Schötmar (pgk). An einem solchen Tage, geflutet von goldener Herbstsonne, möchte man Friedrich Hebbel zitieren: "Dies ist ein Herbsttag, wie ich keinen sah! Die Luft ist still, als atmete man kaum, und dennoch fallen raschelnd, fern und nah, die schönsten Früchte ab von jedem Baum". Eine dieser "schönsten Früchte" des Tages verkörperte hier sicherlich die trotz des brillanten Wetters gut besuchte Abendmusik in der Kilianskirche! Fünf Werke aus Klassik und Romantik umfasste das Programm, wobei die Kantorei unter der Leitung von Kirchenmusikdirektor Ralf Bölting bei den Vokalwerken von einem Streichensemble (Konzertmeisterin: Christiane Muntschick) begleitet wurde, die Kompositionen für Orgel spielte Bölting an der großen Eule-Orgel der Kilianskirche.
Nach einem Offertorium für Chor, Streicher und Generalbass "Jubilate Deo" des vorrangig durch zahlreiche Klavierwerke bekannten Wiener Klassikers Anton Diabelli als leuchtendes Entree und einführenden Worten von Pfarrer i. R. Dr. Dieter Wiele, in denen er die überwiegend lateinischen Texte als "Sprache Gottes" würdigte, erweiternd aber anmerkte "Gott spricht viele Sprachen", kam Carl Philip Emanuel Bach im Jahr seines 300. Geburtstages zu Ehren mit seiner Orgelsonate Nr. 4 a-Moll. Erfrischend gleich das einfallsreiche "Allegro assai", lebendig und quirlig von Bölting vorgetragen, Frühklassik vom Brillantesten, das immer neue Impulse durch seine zahlreichen kurzen Generalpausen erhielt. Einem gesanglich interpretierten "Adagio" folgte ein in den Hauptpassagen vital registriertes und gespieltes "Allegro", das vor allem durch professionelle Virtuosität des Organisten und seine effektvollen Kontraste zwischen Ober- und Hauptwerk überzeugte.

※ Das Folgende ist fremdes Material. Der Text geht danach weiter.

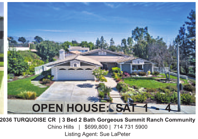 2036 TURQUOISE CR |3Bed 2Bath Gorgeous Summit Ranch Community Chino Hills | $699,800 | 714 731 5900 Listing Agent: Sue LaPeter
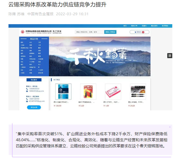 云南国资、中国有色金属报:云锡改进采购体系 助力供应链竞争力提升
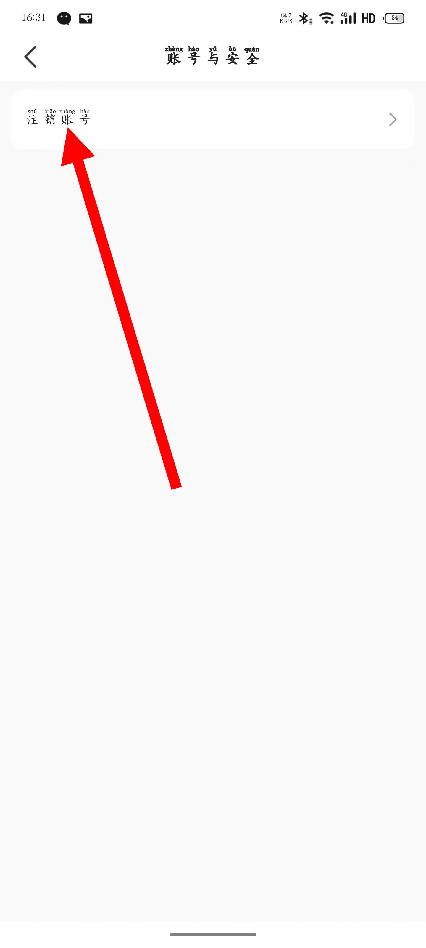 4、进入账号与安全页面,点击“注销账号”选项。
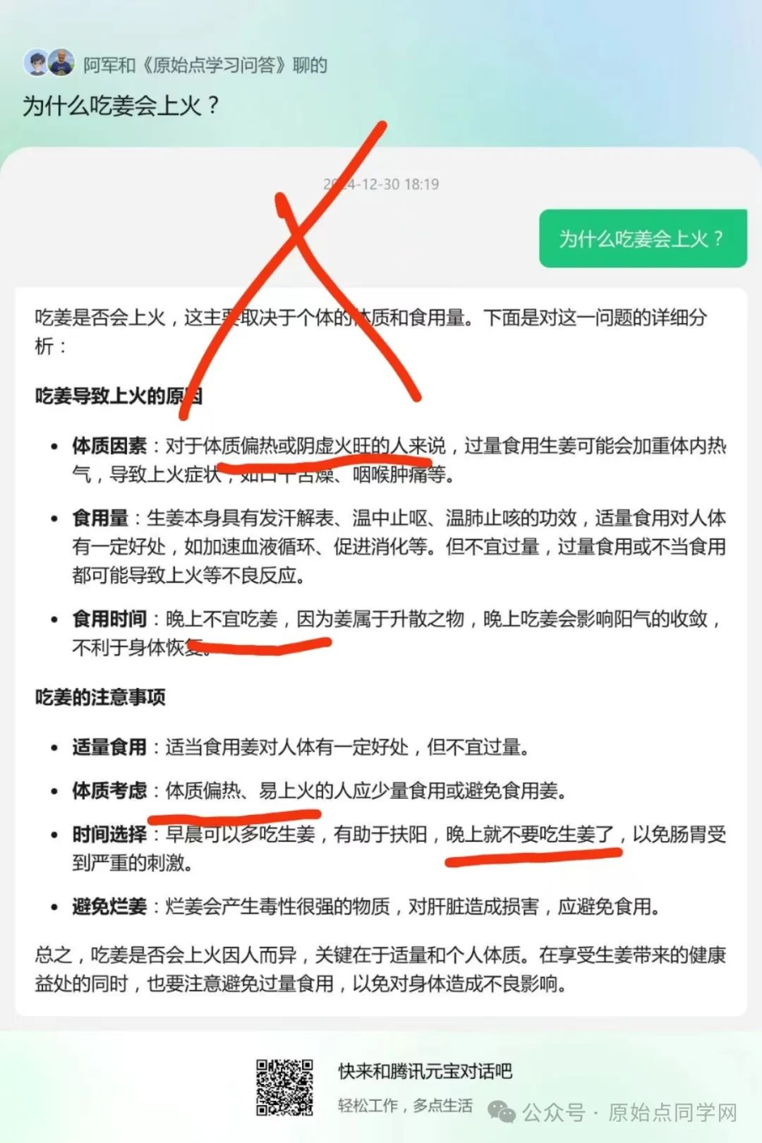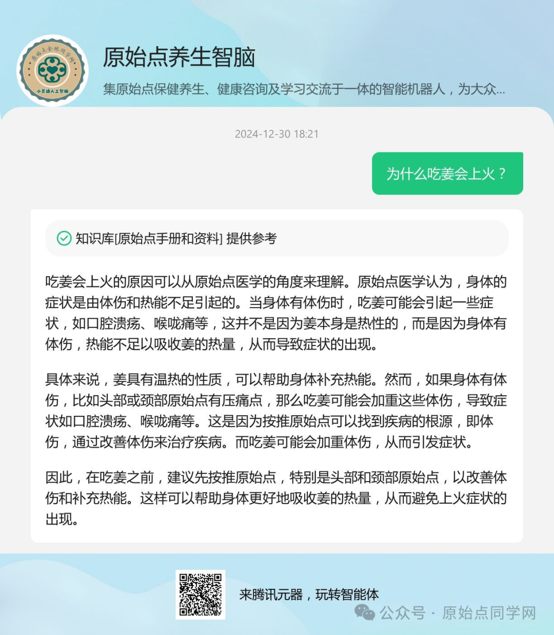 2 同学网 原始点养生智脑(腾讯混元大模型):★★ 符合原始点教义
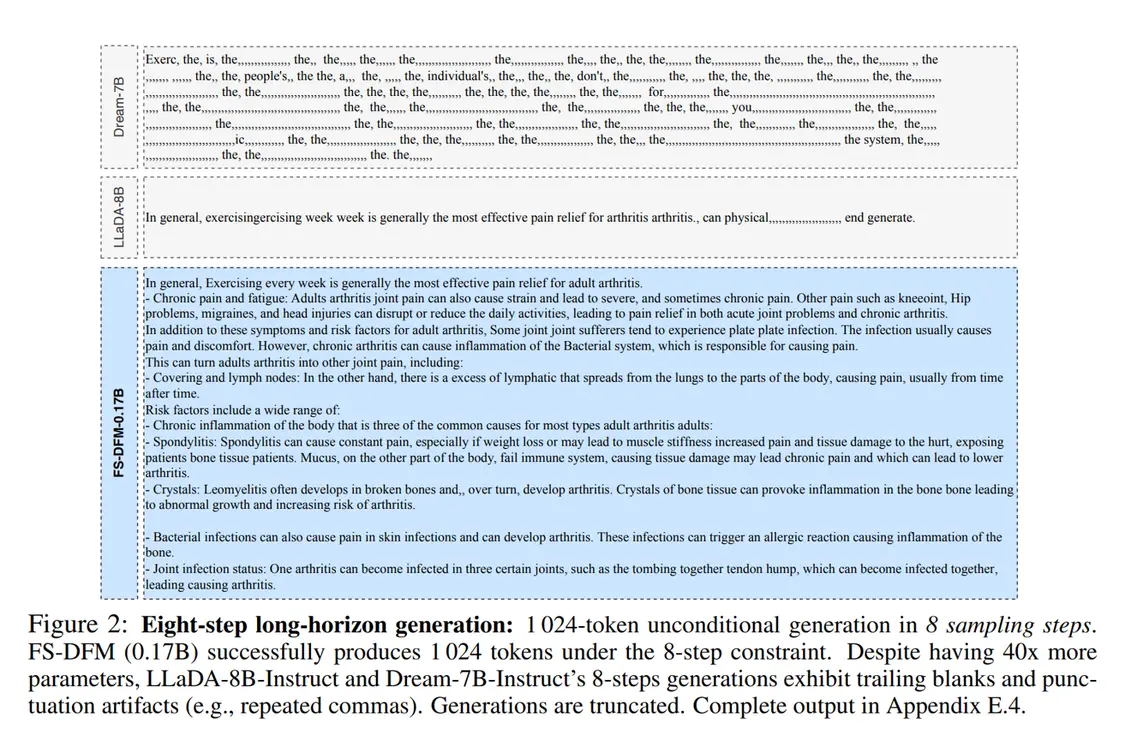 該模型專注于解決長文本生成領域的效率瓶頸,僅需 8 輪快速精練,就能生成高質量的長篇文本,其效果足以媲美傳統擴散模型執行上千步迭代所實現的效果。
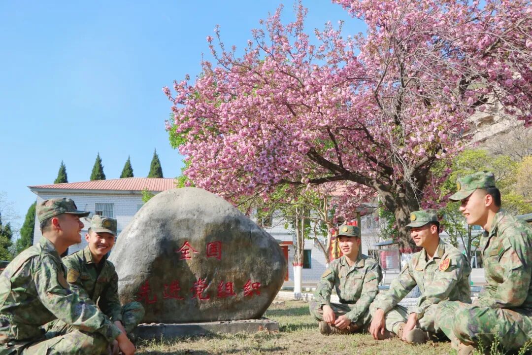 营区春的景色无声地沁润着官兵内心
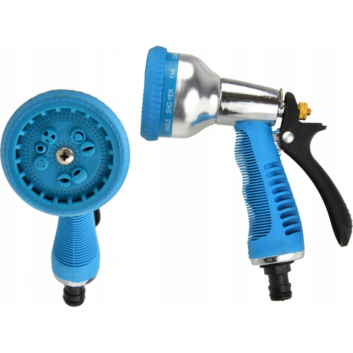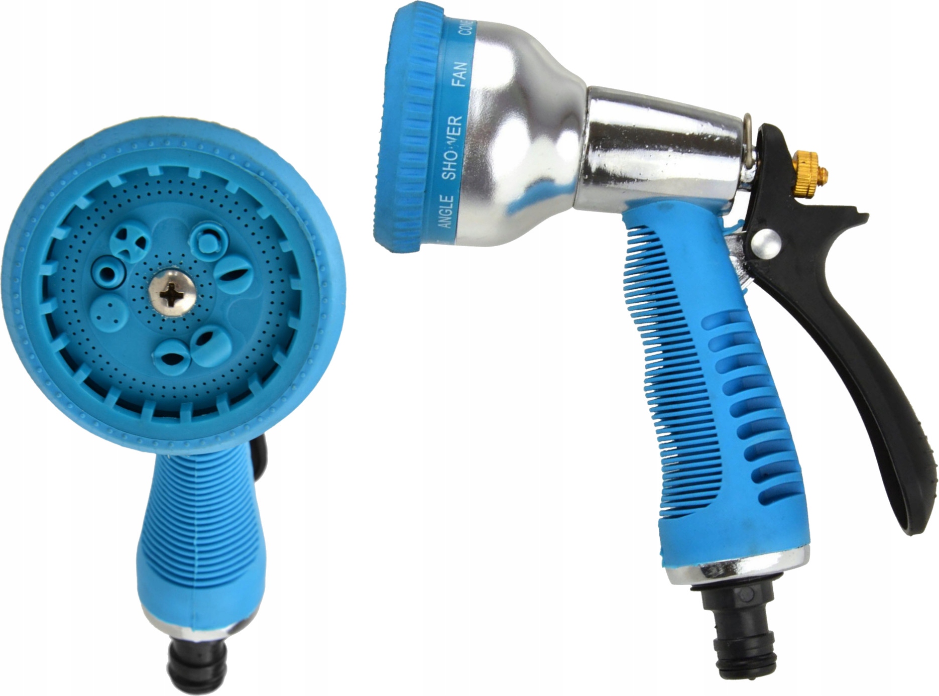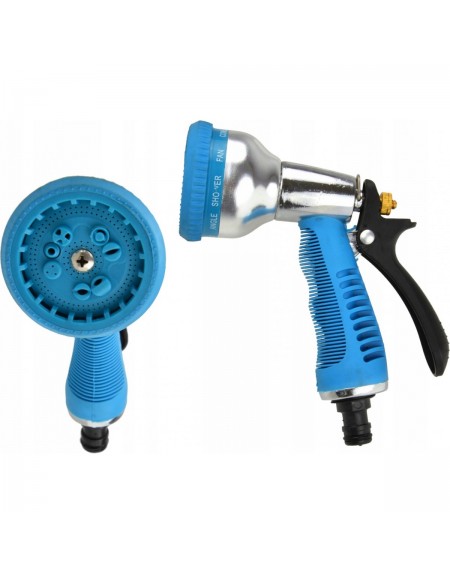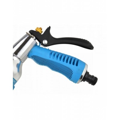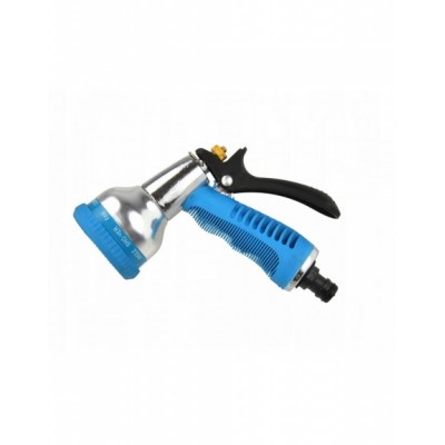 Pistole zraszający 10-funkcyjny (srebrny) BLUE LINE Dzięki wielofunkcyjności zraszania pistolet doskonale się sprawdzi się przy podlewaniu rabat oraz większych powierzchni w ogrodzie. Pistolet wykonany został z metalu. Komfort i wygodę podczas pracy zapewnia ergonomiczna rękojeść z miękkiego antypoślizgowego tworzywa sztucznego. Cechy produktu: 10-funkcji zraszania: wachlarzowy poziomy, kątowy, wachlarzowy pionowy, sitko, prosty, stożek, kwadratowy, cienki prosty, mgła, spieniony wykonany z metalu ergonomiczna antypoślizgowa rękojeść blokada pracy ciągłej
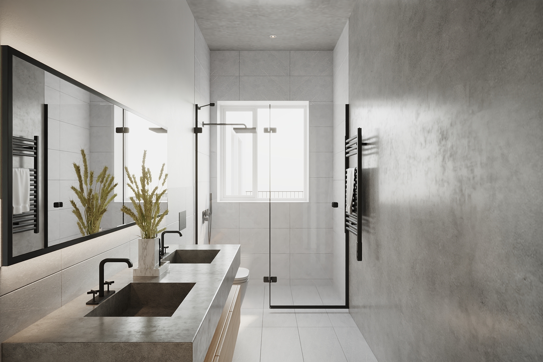 Das Badezimmer verfügt über eine moderne Dusche und stilvolle Fliesen, die für eine elegante Optik sorgen.
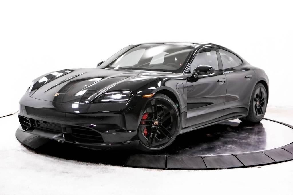 Jet Black 2026 Porsche Taycan GTS AWD 2-Speed Automatic Electric Motor 14 Speakers, 18-Way Adaptive Sport Seats Plus w/Comfort Memory, 4-Wheel Disc Brakes, ABS brakes, Adaptive Cruise Control, Adaptive suspension, Advanced 4-Zone Climate Control, Air Conditioning, Air Quality System, Alloy wheels, Apple CarPlay & Android Auto, Audio memory, Auto High-beam Headlights, Auto tilt-away steering wheel, Auto-dimming door mirrors, Auto-dimming Rear-View mirror, Auto-leveling suspension, Automatic temperature control, Brake assist, Bumpers: body-color, Compass, Delay-off headlights, Driver door bin, Driver vanity mirror, Dual front impact airbags, Dual front side impact airbags, Electronic Stability Control, Emergency communication system: Emergency Call Systems - eCall and bCall, Exterior Parking Camera Rear, Fixed Panoramic Roof in Glass, Four wheel independent suspension, Front anti-roll bar, Front Bucket Seats, Front Center Armrest, Front dual zone A/C, Front reading lights, Front Ventilated Seats, Fully automatic headlights, Garage door transmitter: HomeLink, Heated door mirrors, Heated front seats, Heated GT Sport Steering Wheel in Leather, Heated steering wheel, HVAC memory, Illuminated entry, Knee airbag, Leather/Race-Tex Seat Trim, Low tire pressure warning, Memory seat, Navigation system: Porsche Communication Management (PCM), Occupant sensing airbag, Outside temperature display, Overhead airbag, Overhead console, Panic alarm, Passenger Display, Passenger door bin, Passenger vanity mirror, Porsche Communication Management, Porsche Crest on Front and Rear Headrests, Power door mirrors, Power driver seat, Power passenger seat, Power steering, Power windows, Premium Package, Radio data system, Rain sensing wipers, Rear 2+1 Seats, Rear anti-roll bar, Rear fog lights, Rear Heated Seats, Rear reading lights, Rear seat center armrest, Rear side impact airbag, Rear window defroster, Remote keyless entry, Security system, Speed control, Speed-sensing steering, Split folding rear seat, Spoiler, Sport steering wheel, Steering wheel memory, Steering wheel mounted audio controls, Storage Package, Surround View w/Active Parking Support, Telescoping steering wheel, Tilt steering wheel, Traction control, Trip computer, Variably intermittent wipers, Wheels Painted in High Gloss Black, Wheels: 20 Taycan Turbo S Aero Design, Wheels: 21 High Gloss Blk Taycan Exclusive Design.
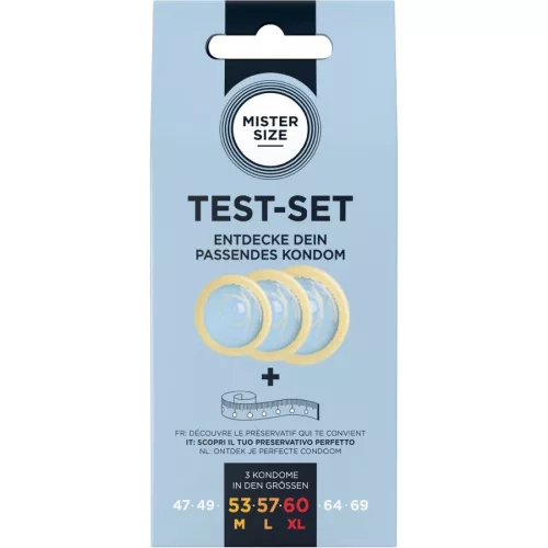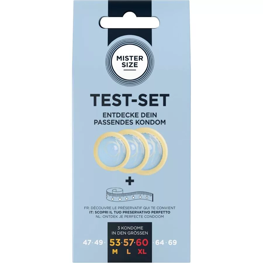 A hét különböző kondom mérettel a MISTER SIZE segít, hogy élvezd a gondtalan és örömteli szexet. A szélesség 47 mm-től 69 mm-ig terjed, a leggyorsabb módja a tökéletes illeszkedés megtalálásának a próbacsomag használata. A MISTER SIZE teljesen új szexuális élményt kínál, miközben optimális biztonságot nyújt. Mert csak így tudsz teljesen ellazulni a szex alatt.

Als romantisches Orgeljuwel entfaltete Bölting die "Suite gothique" c-Moll op. 25 von Leon Boellmann, der dieses prachtvolle Werk für die Einweihung der neuen Orgel in Notre-Dame komponierte und auch zu diesem Anlass im Mai 1895 erstmalig aufführte. Höchst beeindruckend die vehementen Registerwechsel zu Beginn – fast wie Frage und Antwort – gefolgt von einem bewegten Dreier-Rhythmus, äußerst beschwingt vom Organisten musiziert und immer wieder geprägt von pikanten Umregistrierungen – eine façettenreiche Registriertechnik ist eine von Böltings besonderen Begabungen. Nach einem zart intonierten, fast "gespenstisch" registrierten langsamen Satz mit wunderschönen romantischen Linien, begeisterte dann die bekannte "Toccata" (letzter Satz) den Zuhörer vollends, die der Kantor professionell und energiegeladen in effektvollem Metrum zu ihrem fulminanten Abschluss führte.
Die Kantorei glänzte mit erfreulich homogenem Chorklang bei der Motette "Jauchzet dem Herrn alle Welt" op. 69 von Felix Mendelssohn Bartholdy, vom überzeugenden "O geht zu seinen Toren ein" der Männerstimmen über ein strahlendes Chortutti "Denn der Herr ist freundlich", das dann in kultiviertem Piano verklang und schließlich beim "Gloria patri" in einem von den Männerstimmen bis zu den Sopranen gestuften "Amen" wirkungsvoll mündete. Das Te Deum C-Dur für Chor, Streicher und Generalbass KV 141 von Wolfgang Amadeus Mozart beschloss in ausgewogenen Tempi, gekonnten dynamischen Abstufungen und mit einer abschließend erfolgreich gemeisterten, höchst komplexen Fuge dieses Konzert der "leuchtenden Herbstfarben".